== SUPPLIED MATERIAL ==
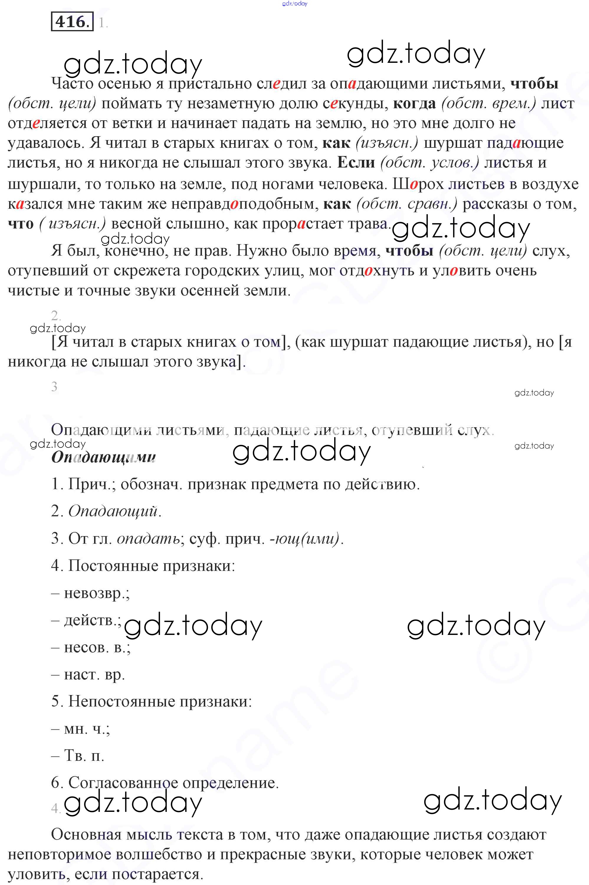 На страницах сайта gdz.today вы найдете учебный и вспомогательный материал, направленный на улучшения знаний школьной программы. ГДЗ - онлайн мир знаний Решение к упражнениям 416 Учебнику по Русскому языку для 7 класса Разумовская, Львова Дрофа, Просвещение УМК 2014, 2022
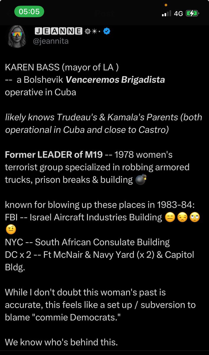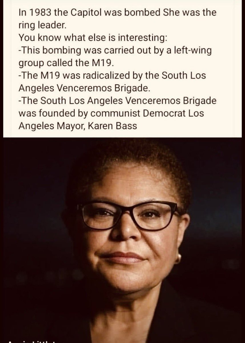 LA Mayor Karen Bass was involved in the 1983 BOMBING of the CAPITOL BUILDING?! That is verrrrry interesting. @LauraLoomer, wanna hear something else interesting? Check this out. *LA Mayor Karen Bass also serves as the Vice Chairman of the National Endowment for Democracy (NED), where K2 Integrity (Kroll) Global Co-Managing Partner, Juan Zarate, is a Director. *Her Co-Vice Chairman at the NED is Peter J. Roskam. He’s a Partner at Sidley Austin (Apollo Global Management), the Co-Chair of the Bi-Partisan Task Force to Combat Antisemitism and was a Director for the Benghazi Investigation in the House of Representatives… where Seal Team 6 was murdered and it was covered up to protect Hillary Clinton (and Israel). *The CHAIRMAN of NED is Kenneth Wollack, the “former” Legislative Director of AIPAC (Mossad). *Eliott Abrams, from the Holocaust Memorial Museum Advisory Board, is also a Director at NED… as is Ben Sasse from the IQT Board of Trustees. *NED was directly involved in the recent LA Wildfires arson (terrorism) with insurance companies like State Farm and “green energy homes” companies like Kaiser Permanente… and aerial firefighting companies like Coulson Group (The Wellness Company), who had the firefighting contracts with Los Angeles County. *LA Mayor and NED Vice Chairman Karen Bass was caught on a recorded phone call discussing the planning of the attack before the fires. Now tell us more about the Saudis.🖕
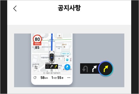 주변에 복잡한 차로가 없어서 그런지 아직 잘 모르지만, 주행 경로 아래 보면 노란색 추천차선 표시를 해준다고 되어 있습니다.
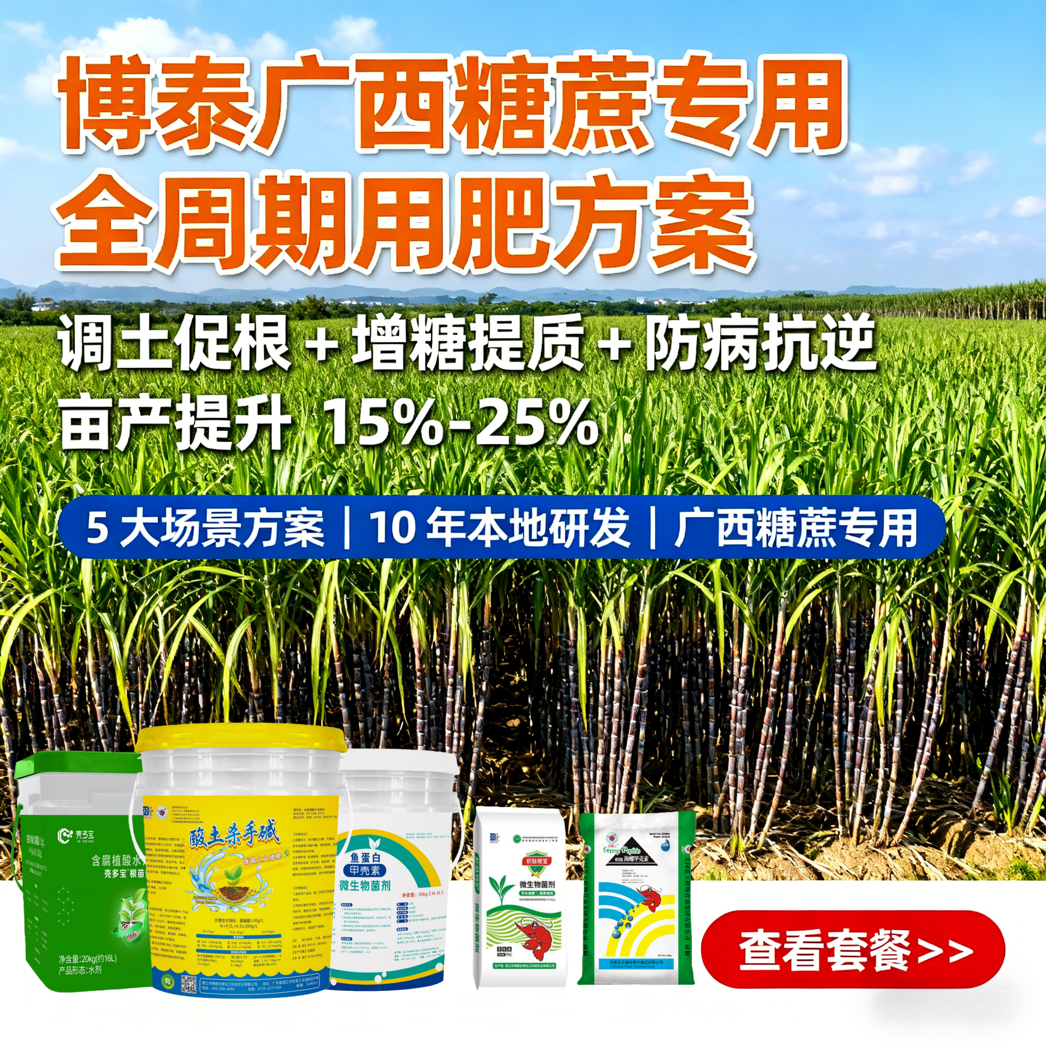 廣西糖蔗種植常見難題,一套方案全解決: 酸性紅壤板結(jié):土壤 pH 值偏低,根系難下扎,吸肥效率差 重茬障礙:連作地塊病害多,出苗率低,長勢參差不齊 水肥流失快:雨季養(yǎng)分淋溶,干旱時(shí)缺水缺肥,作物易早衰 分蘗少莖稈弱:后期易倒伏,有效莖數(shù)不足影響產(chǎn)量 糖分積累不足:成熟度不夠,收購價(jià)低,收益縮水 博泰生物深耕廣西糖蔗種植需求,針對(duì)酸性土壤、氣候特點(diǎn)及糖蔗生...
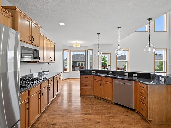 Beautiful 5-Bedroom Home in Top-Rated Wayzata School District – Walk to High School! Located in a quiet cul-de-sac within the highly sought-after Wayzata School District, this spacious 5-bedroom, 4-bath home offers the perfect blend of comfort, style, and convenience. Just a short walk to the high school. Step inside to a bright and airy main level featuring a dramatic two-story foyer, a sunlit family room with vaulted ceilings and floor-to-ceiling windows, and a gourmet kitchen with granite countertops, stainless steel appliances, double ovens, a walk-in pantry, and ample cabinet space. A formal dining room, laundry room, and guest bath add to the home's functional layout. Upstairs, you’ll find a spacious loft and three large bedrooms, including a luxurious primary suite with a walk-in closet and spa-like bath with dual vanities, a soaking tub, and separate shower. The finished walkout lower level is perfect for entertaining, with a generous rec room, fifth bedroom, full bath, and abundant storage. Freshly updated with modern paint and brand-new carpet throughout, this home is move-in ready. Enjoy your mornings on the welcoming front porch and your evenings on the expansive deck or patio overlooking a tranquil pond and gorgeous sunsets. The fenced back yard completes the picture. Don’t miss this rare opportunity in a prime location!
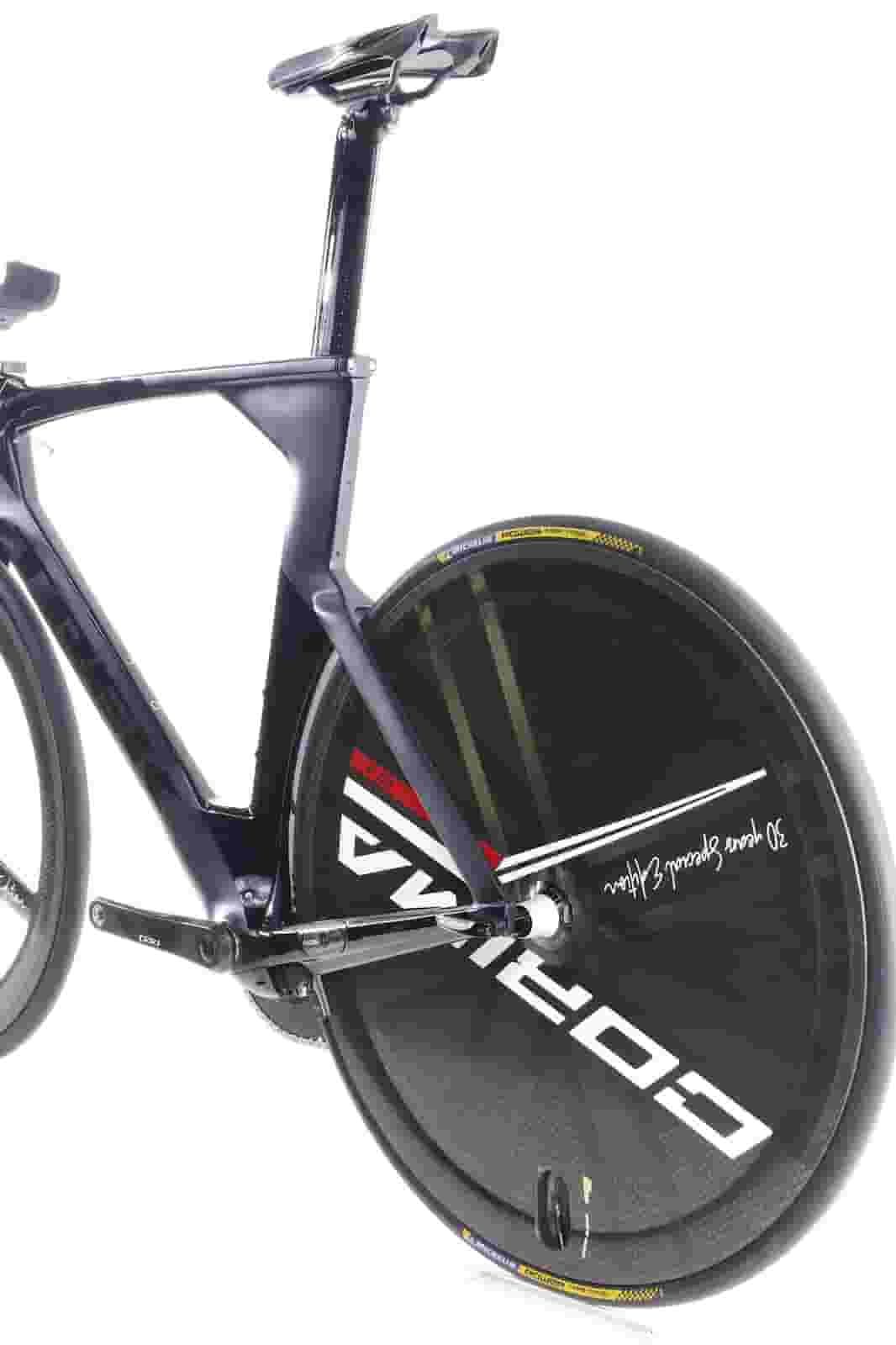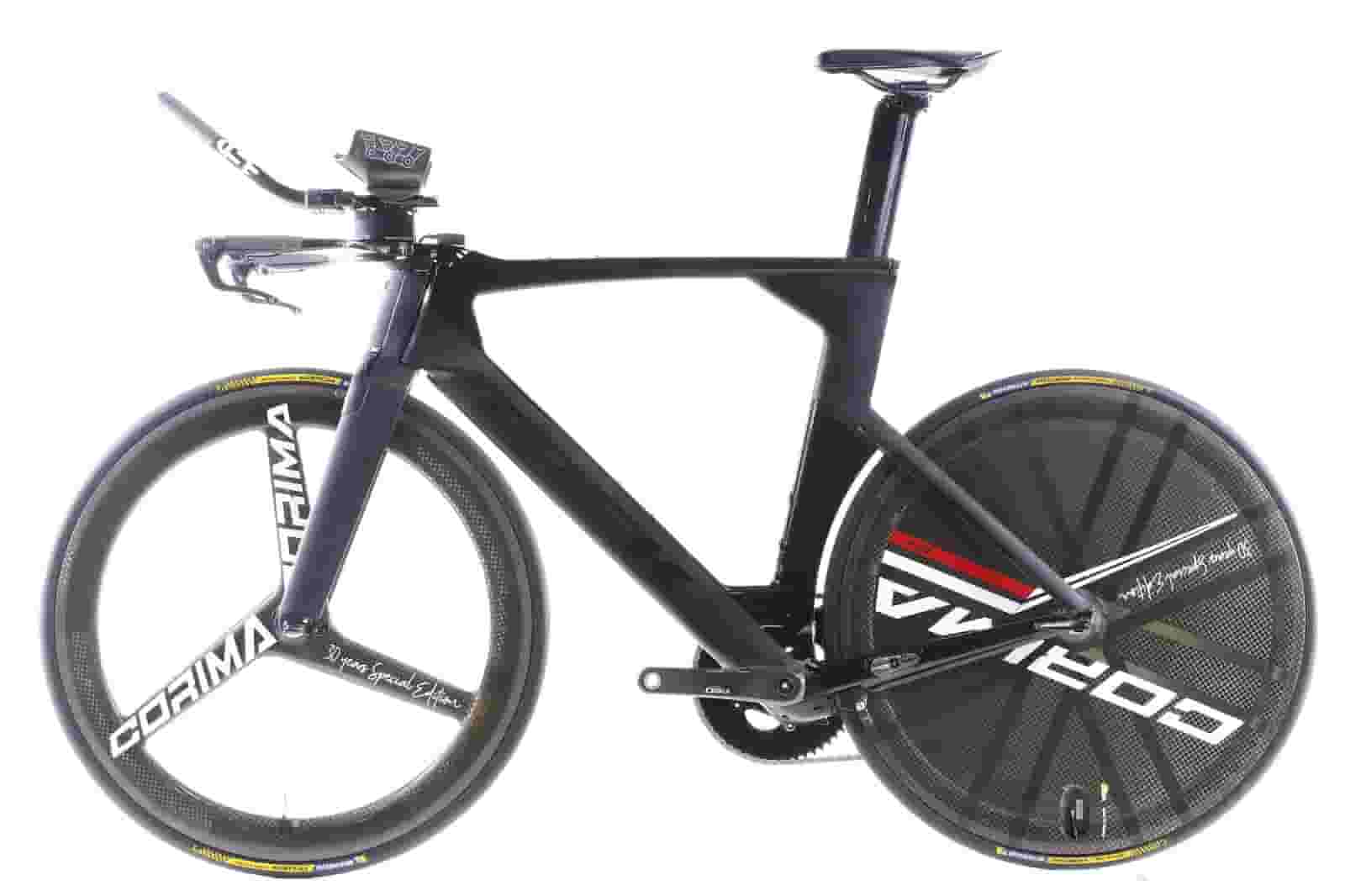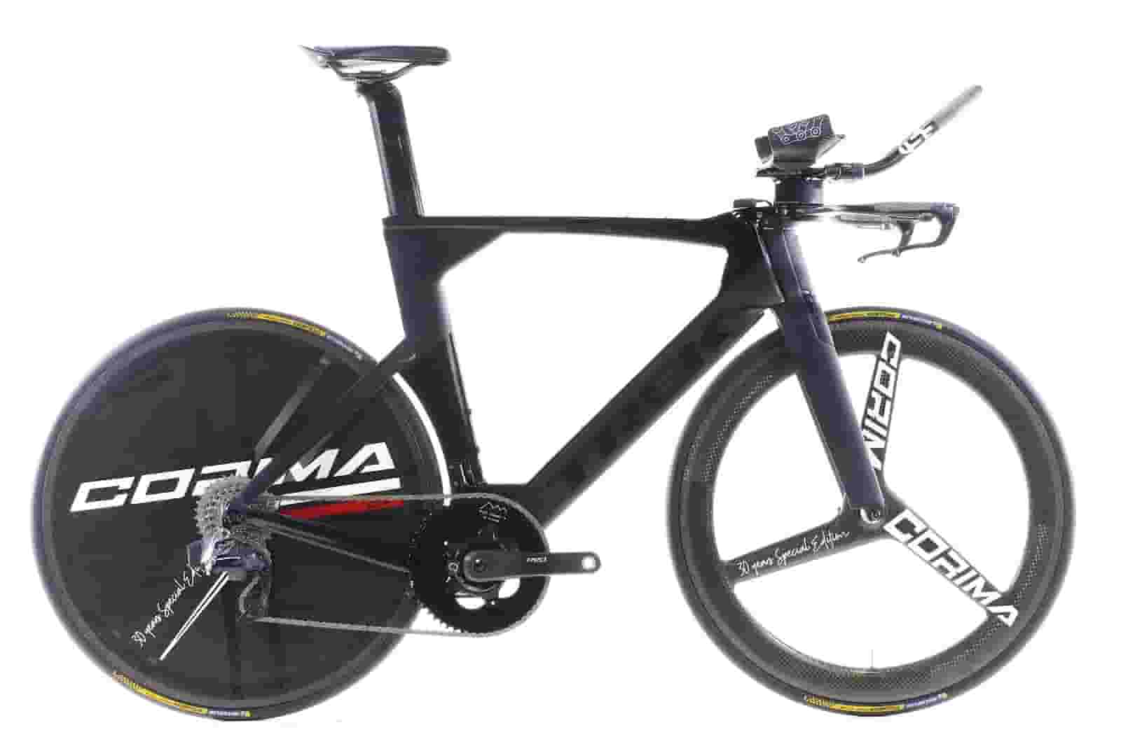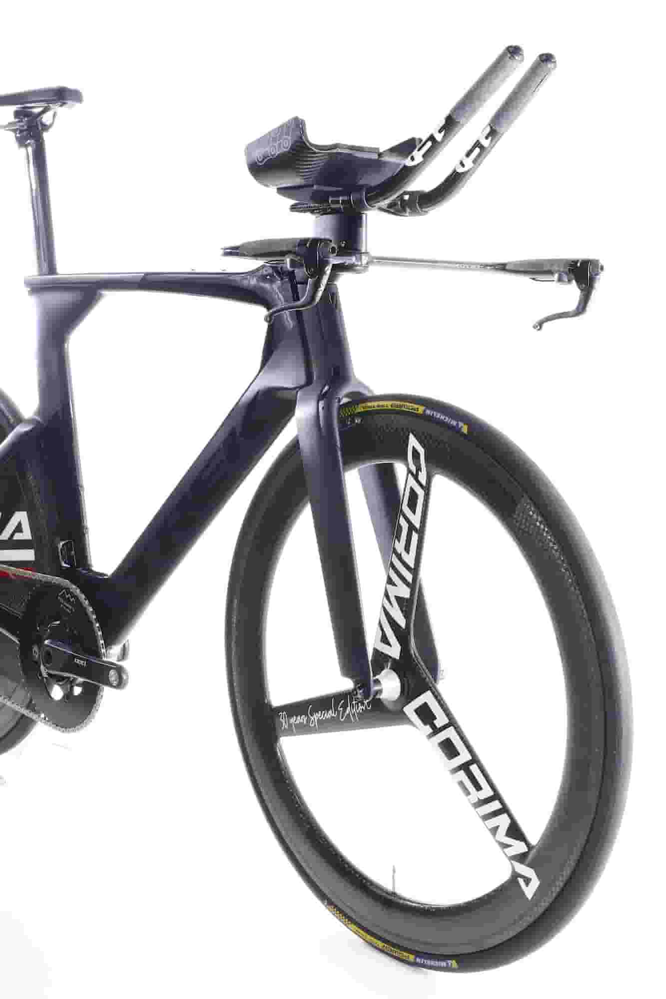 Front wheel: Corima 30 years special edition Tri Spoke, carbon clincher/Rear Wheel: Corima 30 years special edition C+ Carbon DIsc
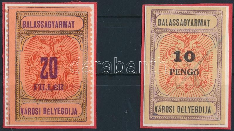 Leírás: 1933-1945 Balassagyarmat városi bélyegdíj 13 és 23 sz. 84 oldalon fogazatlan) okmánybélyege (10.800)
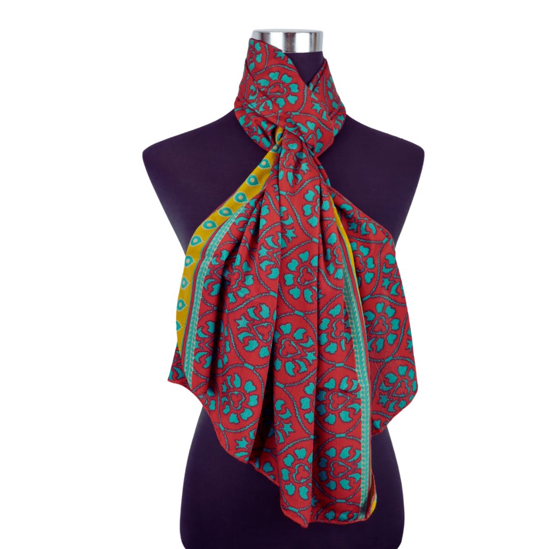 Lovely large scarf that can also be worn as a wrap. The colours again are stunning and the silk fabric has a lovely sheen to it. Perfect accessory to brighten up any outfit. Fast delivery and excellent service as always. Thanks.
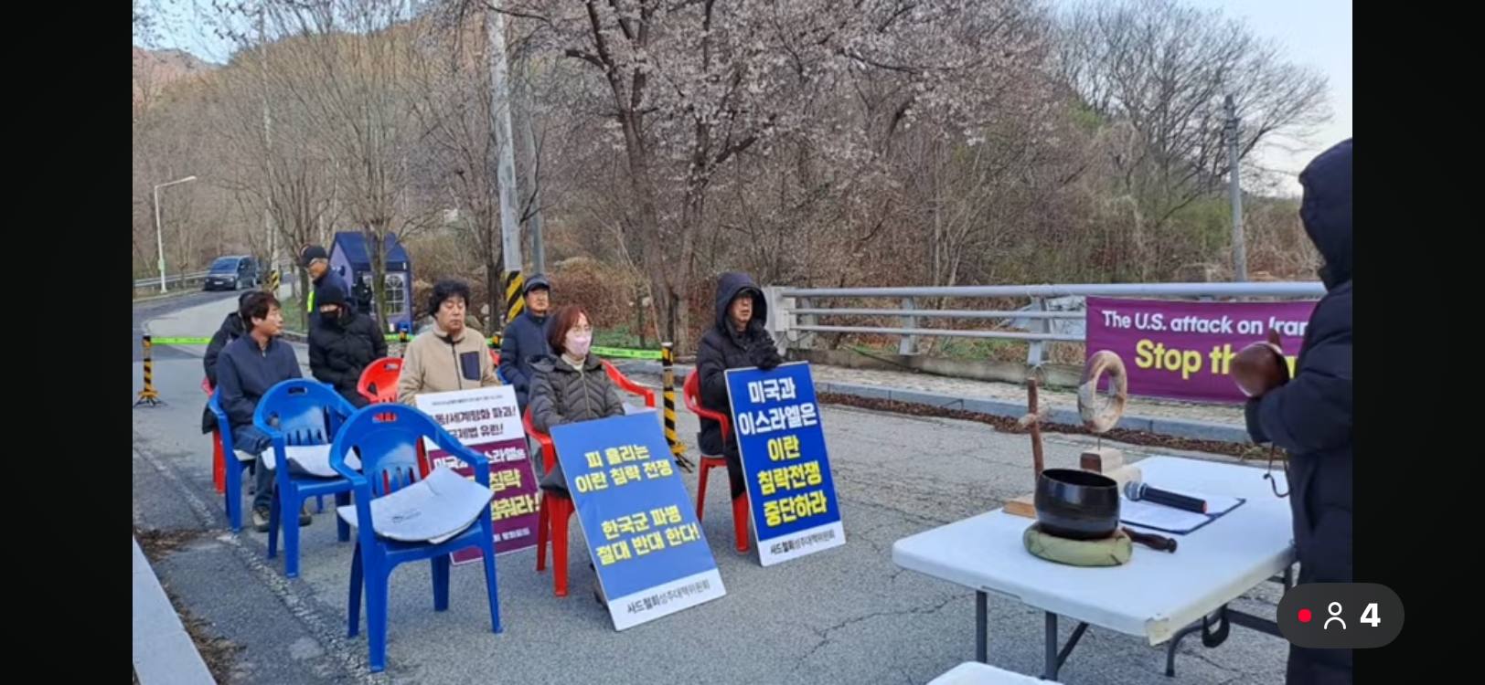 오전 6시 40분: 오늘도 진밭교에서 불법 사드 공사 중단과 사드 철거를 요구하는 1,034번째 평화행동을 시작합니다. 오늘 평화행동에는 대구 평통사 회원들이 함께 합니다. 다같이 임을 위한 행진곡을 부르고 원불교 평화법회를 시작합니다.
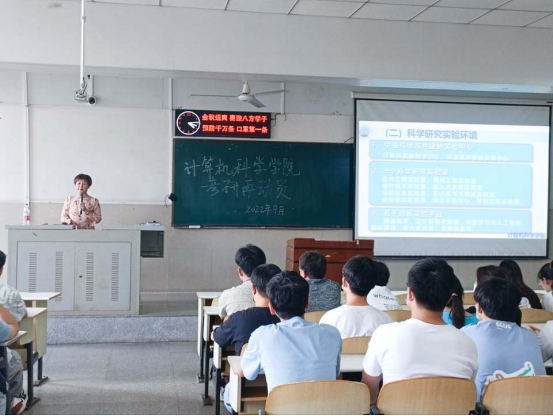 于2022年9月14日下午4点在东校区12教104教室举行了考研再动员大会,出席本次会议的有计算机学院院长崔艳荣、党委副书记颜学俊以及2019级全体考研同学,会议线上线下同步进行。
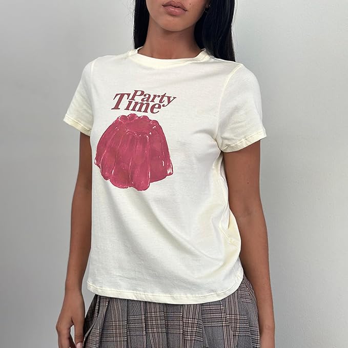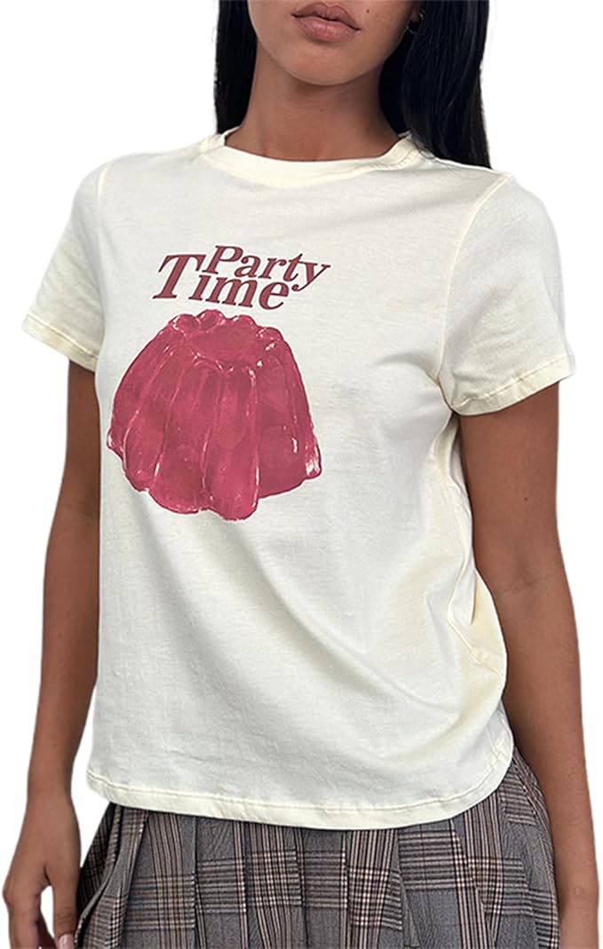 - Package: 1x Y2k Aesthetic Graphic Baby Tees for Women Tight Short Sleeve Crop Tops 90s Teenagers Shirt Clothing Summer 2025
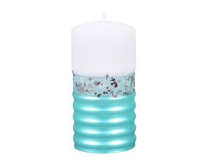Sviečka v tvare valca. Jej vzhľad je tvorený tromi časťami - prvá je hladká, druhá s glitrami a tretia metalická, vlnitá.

== EXERCISE REQUIREMENTS ==
Reproduce the lines from the one with "Lovely large scarf" through the end of the data, keeping both end lines, adding nothing, and dropping any pictures.

== FINISHED EXERCISE ==
 Lovely large scarf that can also be worn as a wrap. The colours again are stunning and the silk fabric has a lovely sheen to it. Perfect accessory to brighten up any outfit. Fast delivery and excellent service as always. Thanks.
 오전 6시 40분: 오늘도 진밭교에서 불법 사드 공사 중단과 사드 철거를 요구하는 1,034번째 평화행동을 시작합니다. 오늘 평화행동에는 대구 평통사 회원들이 함께 합니다. 다같이 임을 위한 행진곡을 부르고 원불교 평화법회를 시작합니다.
 于2022年9月14日下午4点在东校区12教104教室举行了考研再动员大会,出席本次会议的有计算机学院院长崔艳荣、党委副书记颜学俊以及2019级全体考研同学,会议线上线下同步进行。
 - Package: 1x Y2k Aesthetic Graphic Baby Tees for Women Tight Short Sleeve Crop Tops 90s Teenagers Shirt Clothing Summer 2025
Sviečka v tvare valca. Jej vzhľad je tvorený tromi časťami - prvá je hladká, druhá s glitrami a tretia metalická, vlnitá.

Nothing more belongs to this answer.